Perplexity itself was formally introduced in 1977 by Frederick Jelinek, Robert Mercer, Lalit Bahl, and James Baker at IBM's Thomas J. Watson Research Center. Their paper, "Perplexity: A Measure of the Difficulty of Speech Recognition Tasks," presented at the 94th meeting of the Acoustical Society of America, argued that vocabulary size and static branching factors were inadequate measures of speech recognition complexity. They proposed perplexity (whose logarithm is the familiar entropy) as a more appropriate measure of equivalent choice.
During the n-gram era of language modeling, perplexity served as the primary benchmark. Researchers would train n-gram models (bigram, trigram, and higher-order) on text corpora and compare their perplexity scores on held-out test sets. Kneser-Ney smoothing and other techniques were developed in part to reduce perplexity on standard benchmarks. Throughout the 1980s and 1990s, perplexity became the primary benchmark for evaluating n-gram language models, used to compare different smoothing techniques, backoff strategies, and model orders. When neural network-based language models emerged in the 2000s, starting with Bengio et al.'s feedforward neural language model (2003), perplexity remained the standard yardstick, allowing direct comparison between statistical and neural approaches. The Transformer architecture (2017) and subsequent large language models continued the tradition, reporting perplexity on established benchmarks such as Penn Treebank, WikiText-2, and WikiText-103, though the field has increasingly adopted task-specific evaluation alongside perplexity.
Perplexity is mathematically defined as the exponentiated average negative log-likelihood of a sequence. Given a test sequence W = w_1, w_2, ..., w_N, the perplexity of a language model is:
PPL(W) = exp( -(1/N) * sum from i=1 to N of ln P(w_i | w_1, ..., w_{i-1}) )
Where:
Using base-2 logarithms, this can be written equivalently as:
PPL(W) = 2^( -(1/N) * sum from i=1 to N of log_2 P(w_i | w_1, ..., w_{i-1}) )

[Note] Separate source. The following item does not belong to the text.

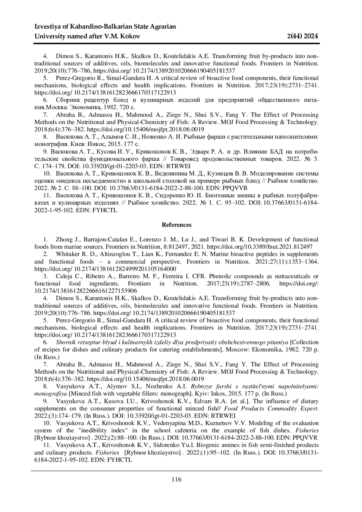 11. 	Васюкова А. Т., Кривошонок К. В., Сидоренко Ю. И. Биогенные амины в рыбных полуфабрикатах и кулинарных изделиях // Рыбное хозяйство. 2022. № 1. С. 95-102. 10.37663/0131-6184- 2022-1-95-102. DOI: 10.37663/0131-6184-2022-1-95-102 EDN: FYHCTL
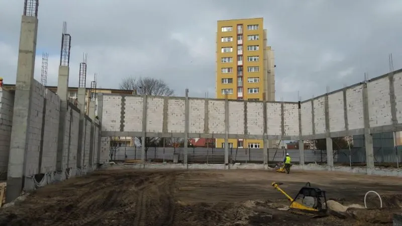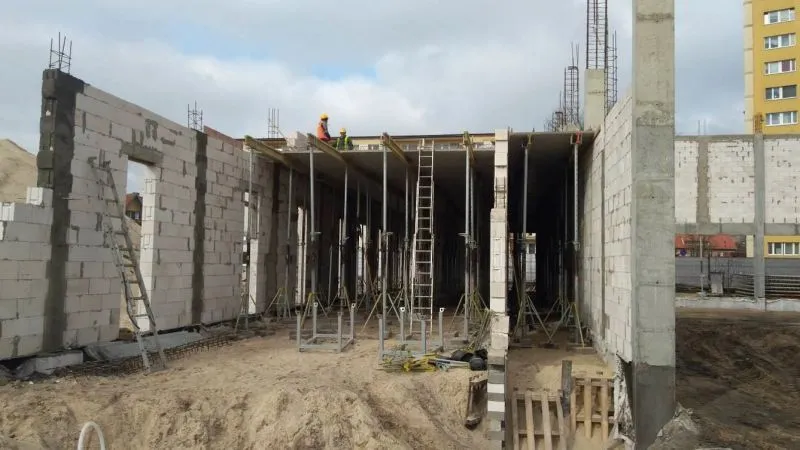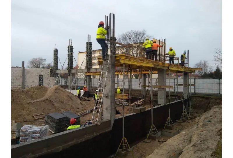 W przyszłej sali sportowej powstały słupy wyznaczające ściany zewnętrzne. Murowano także fundamenty tego obiektu.

This is also equivalent to PPL(W) = 2^H(W), where H(W) is the cross-entropy of the model on the test sequence, measured in bits. In this form, perplexity represents the number of bits needed on average to encode each word using an optimal code based on the model's predicted distribution.
An equivalent product form, often used with n-gram models, is:
PPL(W) = ( product from i=1 to N of 1 / P(w_i | context) )^(1/N)
This is the inverse geometric mean of the token probabilities. The formula makes the intuition clear: if a model assigns high probability to each observed token, the product of inverse probabilities will be small, yielding a low perplexity. For a bigram model specifically, the perplexity of a test sequence is PPL(W) = (product from i=1 to N of 1/P(w_i | w_{i-1}))^(1/N). This product form is mathematically equivalent to the exponential form above but can be more intuitive for understanding how individual token probabilities contribute to the overall score.
Perplexity is directly linked to cross-entropy. Cross-entropy measures the average number of bits required to identify an event from a set of possibilities, given a coding scheme optimized for a predicted probability distribution rather than the true distribution. The cross-entropy H(p, q) between the true distribution p and the model distribution q is:
H(p, q) = -(1/N) * sum from i=1 to N of log_2 P(w_i | context)
Perplexity is simply the exponentiation of the cross-entropy:
PPL = 2^H(p, q)
Or equivalently, using natural logarithms:
PPL = exp(H_nat(p, q))
This relationship is significant for neural network training. When a neural language model is trained by minimizing the cross-entropy loss (the standard practice), it is implicitly minimizing perplexity on the training data. The average negative log-likelihood computed during training is precisely the cross-entropy, so perplexity is simply the exponential of the training loss. A model that achieves lower cross-entropy loss during training will, by definition, also achieve lower perplexity on the same data.
Perplexity is also related to entropy, which represents the theoretical lower bound on cross-entropy for a given language. While entropy H(p) measures the inherent uncertainty in the true distribution, cross-entropy H(p, q) is always greater than or equal to entropy. The difference between cross-entropy and entropy is the Kullback-Leibler divergence, which measures how much the model distribution q differs from the true distribution p. A perfect model (where q = p) would achieve cross-entropy equal to the true entropy, and its perplexity would represent the inherent unpredictability of the language itself.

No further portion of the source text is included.